=== WHAT IS REQUIRED ===
Every line of the listing below should come back exactly as written, with no images.

=== SUPPLIED MATERIAL ===
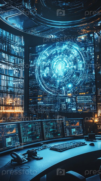 Футуристический кибер-хаб, станция кибербезопасности, освещенная светящимися голубыми акцентами, комната управления с панорамными дисплеями и захватывающей технологической атмосферой
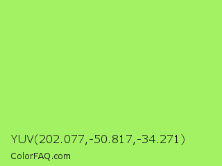 YUV 202.077,-50.817,-34.271 Color is a light green color and the nearest color is Inchworm #b2ec5d. Hex code #a3f263 and RGB value is rgb(163,242,99). In RGB color space, this color is composed of 64% red, 95% green, 39% blue, In CMYK color space, this color is composed of 33% cyan, 0% magenta, 59% yellow , 5% black , In HSL color space, this color has a hue angle of 93° , 85% saturation and 67% lightness.
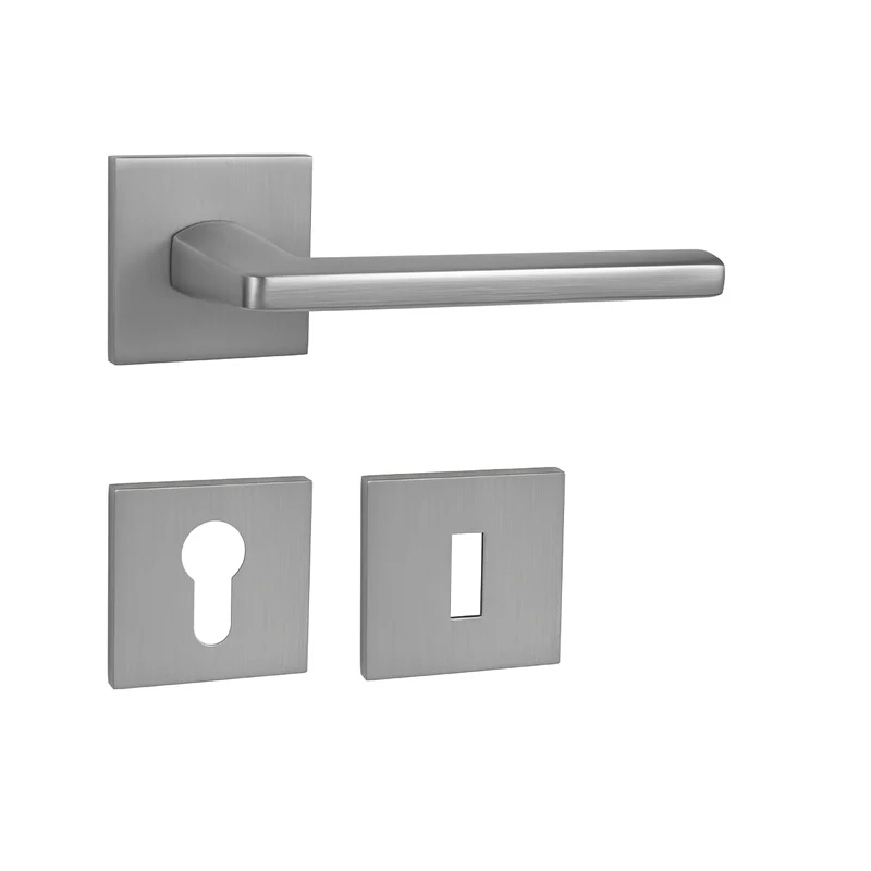 Rozetová klika na interiérové dveře s hranatou rozetou je vyrobena odléváním z kvalitních slitin zinku a hliníku a je povrchově upravena. Klika je povrchově upravována galvanizací a vyznačuje se vysokou odolností proti oděru. Kování je testováno na 100 000 cyklů.
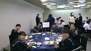 ホテルで美味しく夕食をいただきました。メニューはトルコライスとデザートです。円卓がパーテーションで区切られ、感染対策をしっかりとって食事をとることができました。係による後片付けもしっかり行われ、マナーを守って第一目の夕食を終えることができました。
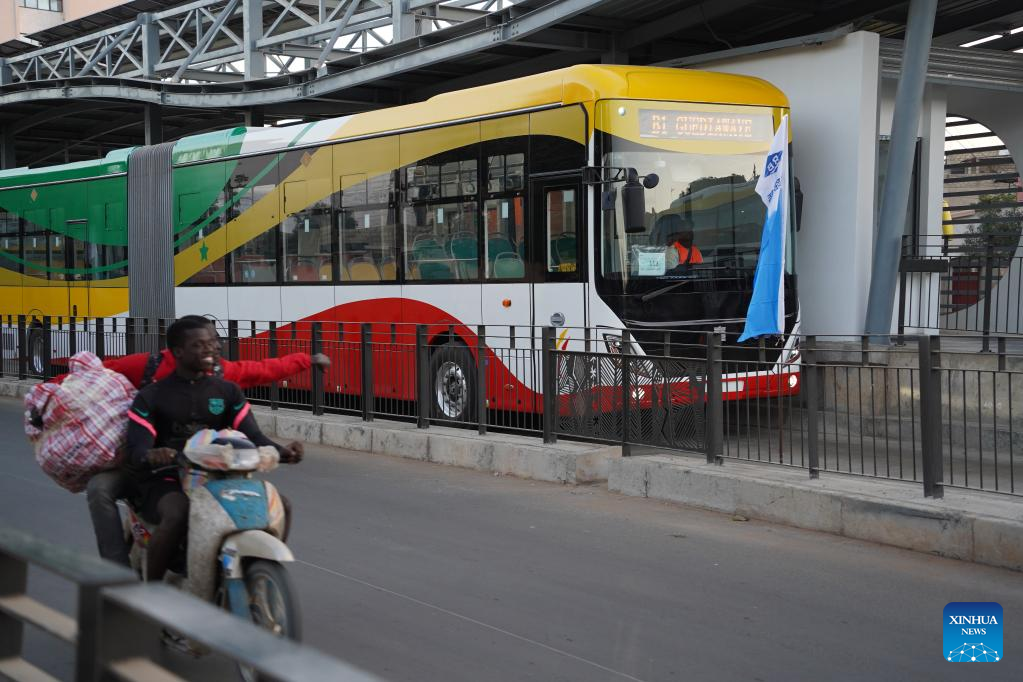 This photo taken on Dec. 27, 2023 shows a bus of the Dakar Bus Rapid Transit (BRT) project in Dakar, Senegal. Senegal on Wednesday launched sub-Saharan Africa's first all-electric BRT network in the capital of Dakar.(Xinhua/Wang Zizheng)
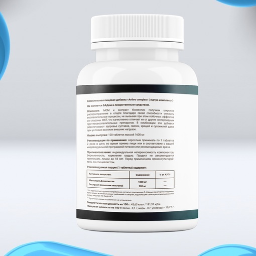 В комплекс входит MSM - это естественный антиоксидант, который уменьшает воспаление и болезненные ощущения.
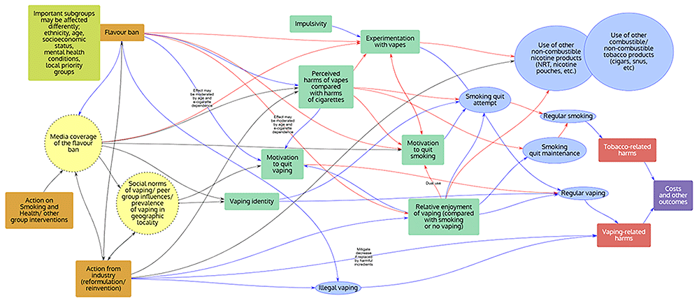 For specific inputs, the key lack of useful data concerns the absolute harms of vaping in people who have never smoked (and transitions from vaping to smoking), which requires de novo data collection. In addition, mechanisms of actions likely vary across policies and will therefore require specific analysis (e.g., for place-based interventions spatial analysis could be incorporated within agent-based models). Due to the frequent and impactful ways industry has circumvented vape regulations—such as through new products that may mitigate restrictions on flavours (e.g., through accessories) or nicotine content (e.g., through increasing bioavailability) —policy models should incorporate or at least acknowledge potential industry responses. They should also capture unregulated vape use as this may carry greater risk than regulated vape use, in particular for vapes containing illicit/banned substances (and increase in response to policy changes) as well as interactions with other nicotine products. Environmental and retail outcomes were considered outside the scope of this project, but we recommend that an individual-level health economic model be developed for a UK population to estimate long-term impact of vape options incorporating those outcomes as well as health outcomes across appropriate age ranges and important subgroups.
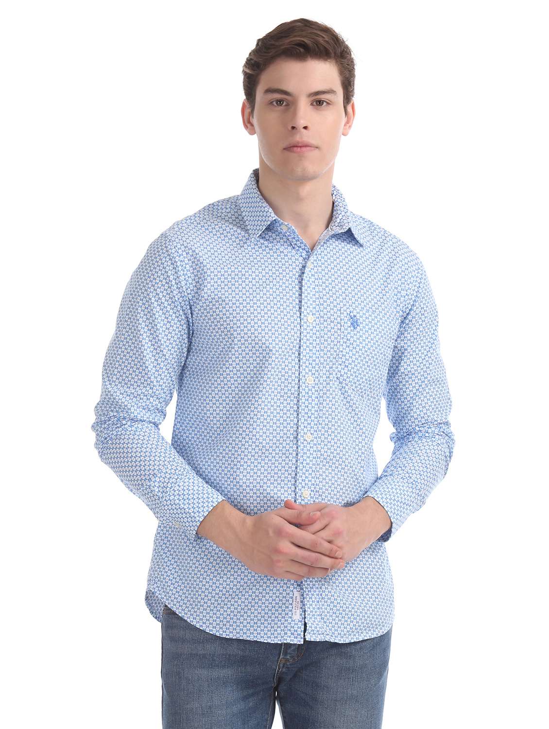 - » blue printed casual shirt
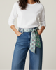 The Mini Agadir Mint scarf is crafted from 100% silk, featuring exclusive hand-drawn designs created in France and expertly hand-printed in India.
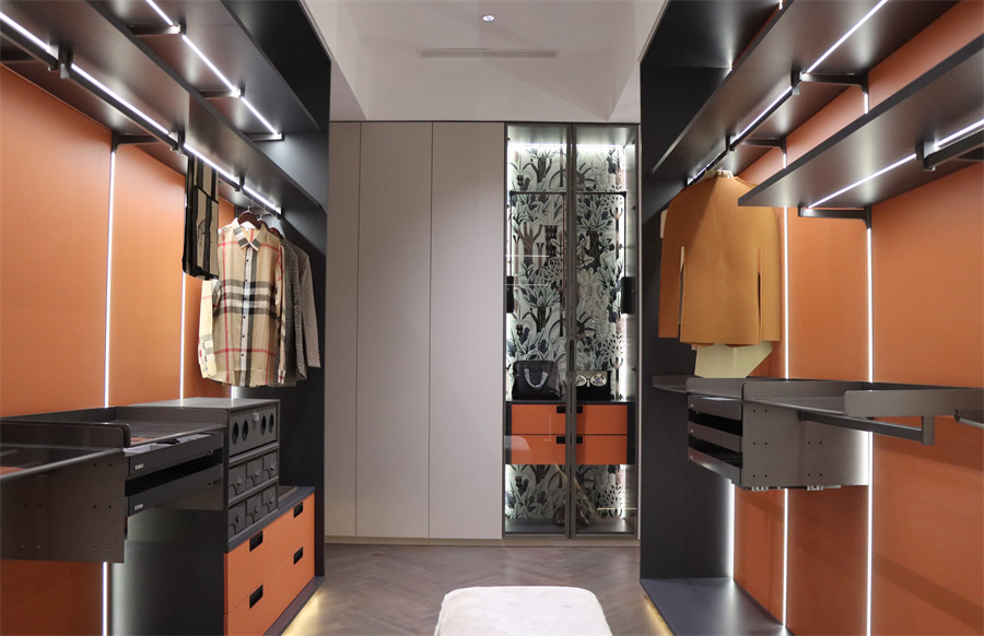 整體色調以深灰×西柚紅為主,形成鮮明對比,視覺效果強烈,秘境森林背板點綴整個衣帽間。置物柜采用當下流行工藝,四邊45°斜切,簡約風格深受年輕人喜愛。
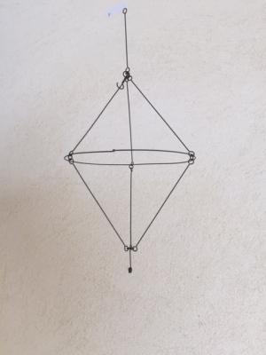 線が重なって面になり、それが繊細な線で吊るされています。
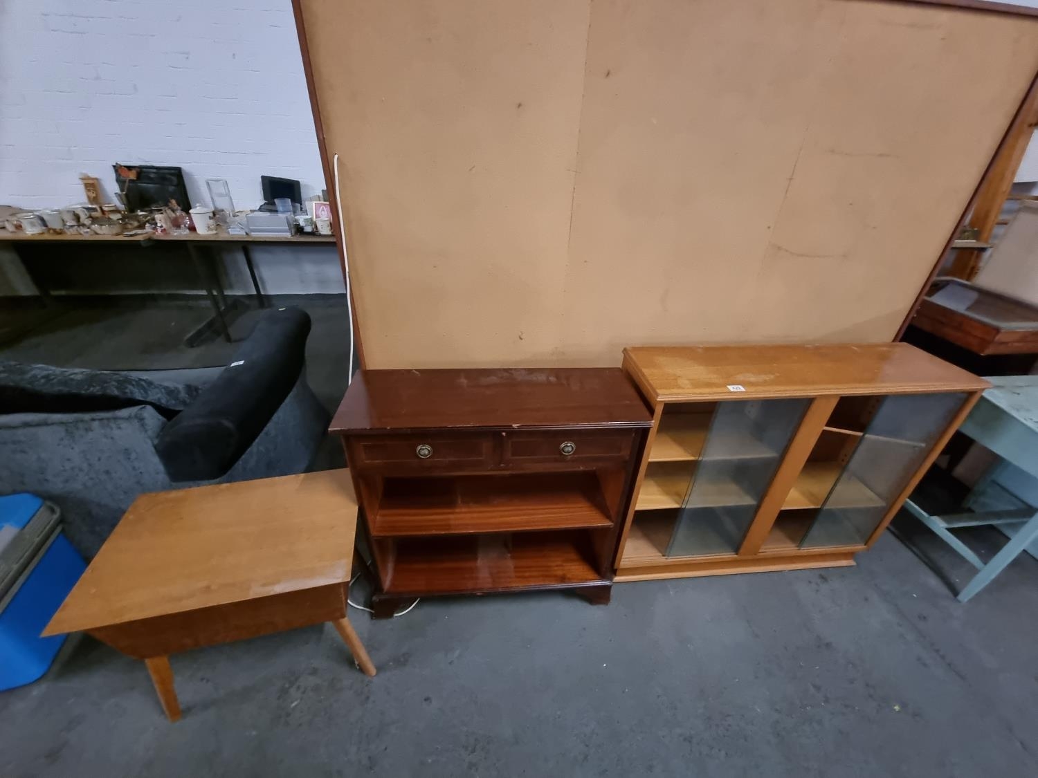 Teak glass fronted bookcase, mahogany bookcase and a teak sewing box

=== ANSWER BOX ===
 Футуристический кибер-хаб, станция кибербезопасности, освещенная светящимися голубыми акцентами, комната управления с панорамными дисплеями и захватывающей технологической атмосферой
 YUV 202.077,-50.817,-34.271 Color is a light green color and the nearest color is Inchworm #b2ec5d. Hex code #a3f263 and RGB value is rgb(163,242,99). In RGB color space, this color is composed of 64% red, 95% green, 39% blue, In CMYK color space, this color is composed of 33% cyan, 0% magenta, 59% yellow , 5% black , In HSL color space, this color has a hue angle of 93° , 85% saturation and 67% lightness.
 Rozetová klika na interiérové dveře s hranatou rozetou je vyrobena odléváním z kvalitních slitin zinku a hliníku a je povrchově upravena. Klika je povrchově upravována galvanizací a vyznačuje se vysokou odolností proti oděru. Kování je testováno na 100 000 cyklů.
 ホテルで美味しく夕食をいただきました。メニューはトルコライスとデザートです。円卓がパーテーションで区切られ、感染対策をしっかりとって食事をとることができました。係による後片付けもしっかり行われ、マナーを守って第一目の夕食を終えることができました。
 This photo taken on Dec. 27, 2023 shows a bus of the Dakar Bus Rapid Transit (BRT) project in Dakar, Senegal. Senegal on Wednesday launched sub-Saharan Africa's first all-electric BRT network in the capital of Dakar.(Xinhua/Wang Zizheng)
 В комплекс входит MSM - это естественный антиоксидант, который уменьшает воспаление и болезненные ощущения.
 For specific inputs, the key lack of useful data concerns the absolute harms of vaping in people who have never smoked (and transitions from vaping to smoking), which requires de novo data collection. In addition, mechanisms of actions likely vary across policies and will therefore require specific analysis (e.g., for place-based interventions spatial analysis could be incorporated within agent-based models). Due to the frequent and impactful ways industry has circumvented vape regulations—such as through new products that may mitigate restrictions on flavours (e.g., through accessories) or nicotine content (e.g., through increasing bioavailability) —policy models should incorporate or at least acknowledge potential industry responses. They should also capture unregulated vape use as this may carry greater risk than regulated vape use, in particular for vapes containing illicit/banned substances (and increase in response to policy changes) as well as interactions with other nicotine products. Environmental and retail outcomes were considered outside the scope of this project, but we recommend that an individual-level health economic model be developed for a UK population to estimate long-term impact of vape options incorporating those outcomes as well as health outcomes across appropriate age ranges and important subgroups.
 - » blue printed casual shirt
 The Mini Agadir Mint scarf is crafted from 100% silk, featuring exclusive hand-drawn designs created in France and expertly hand-printed in India.
 整體色調以深灰×西柚紅為主,形成鮮明對比,視覺效果強烈,秘境森林背板點綴整個衣帽間。置物柜采用當下流行工藝,四邊45°斜切,簡約風格深受年輕人喜愛。
 線が重なって面になり、それが繊細な線で吊るされています。
 Teak glass fronted bookcase, mahogany bookcase and a teak sewing box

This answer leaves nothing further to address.